Some code to illustrate my goal:
(it 'get) ; get current element (set! it (it 'next)) ; move forward (when (not it) (done)) ; detecting end of iteration
And some pseudo code, C# iterator style:
(define (gen3) (let loop ((x 1)) (yield x) (unless (= x 3) (loop (+ x 1)))))
The advantage of this interface design, the C++ iterator concept, is that code can be made to function with multi-pass iterators, iterators that can be saved for resuming iteration or refer to a particular storage location in a container.
First try
(define (writeln x) (display x) (newline)) (define call/cc call-with-current-continuation) ; generate 1 2 3 as a sequence using special iterators ; broken: only works from repl because returning to the previous (define (gen3a) (call/cc (lambda (exit) (let loop ((x 1)) (call/cc (lambda (resume) (exit (lambda (msg) (cond ((eqv? msg 'get) x) ((eqv? msg 'next) (resume '())) (#t (raise-error))))))) (unless (= x 3) (loop (+ x 1)))) (exit #f)))) ; and try out this generator (writeln "gen3a") (let continue ((it (gen3a))) (when it (writeln (it 'get)) (continue (it 'next))))
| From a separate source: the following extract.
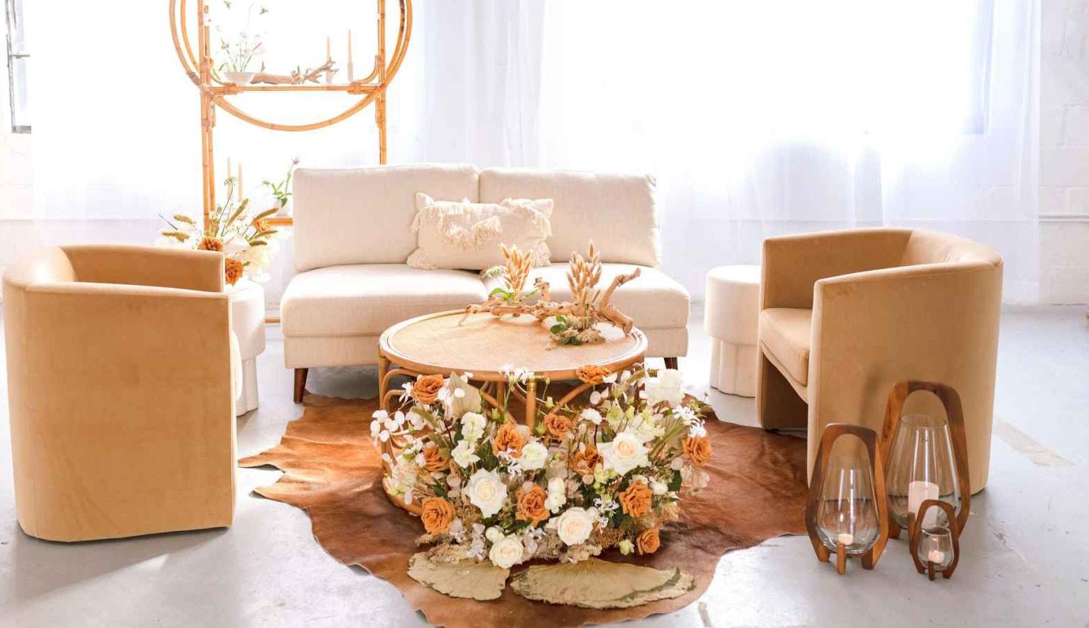 The florals in this shoot were designed to feel lush, natural and full of movement. Fleurish Atelier used a mix of amaranthus, lisianthus, hydrangea, calla lilies, roses and anthurium, layered with green blooms and foliage to create an organic, garden-grown vibe. Each flower added something unique—from the softness of lisianthus to the bold structure of anthurium—resulting in sculptural, romantic arrangements that felt truly alive. With artistry and intention, they transformed the space into something modern, soulful and deeply rooted in nature!

Paste this into the Scheme REPL and it runs, printing 1 2 3. But does it work? I first tried this code out thinking I was halfway there, to see how far it would get. I was rather surprised when it printed the right answer.
So what’s really happening here? The first call/cc sets up a fast-path for returning from the function — this is an escaping continuation. Calling ‘exit’ will now return immediatetly from the gen3 call.
The let begins the loop, just as it did in the earlier pseudo-code. The next call/cc with resume forms the pseudo-code yield, exiting with a lambda function. The magic in this lambda is the resume parameter. It lets us pick back up again right in the middle of the loop!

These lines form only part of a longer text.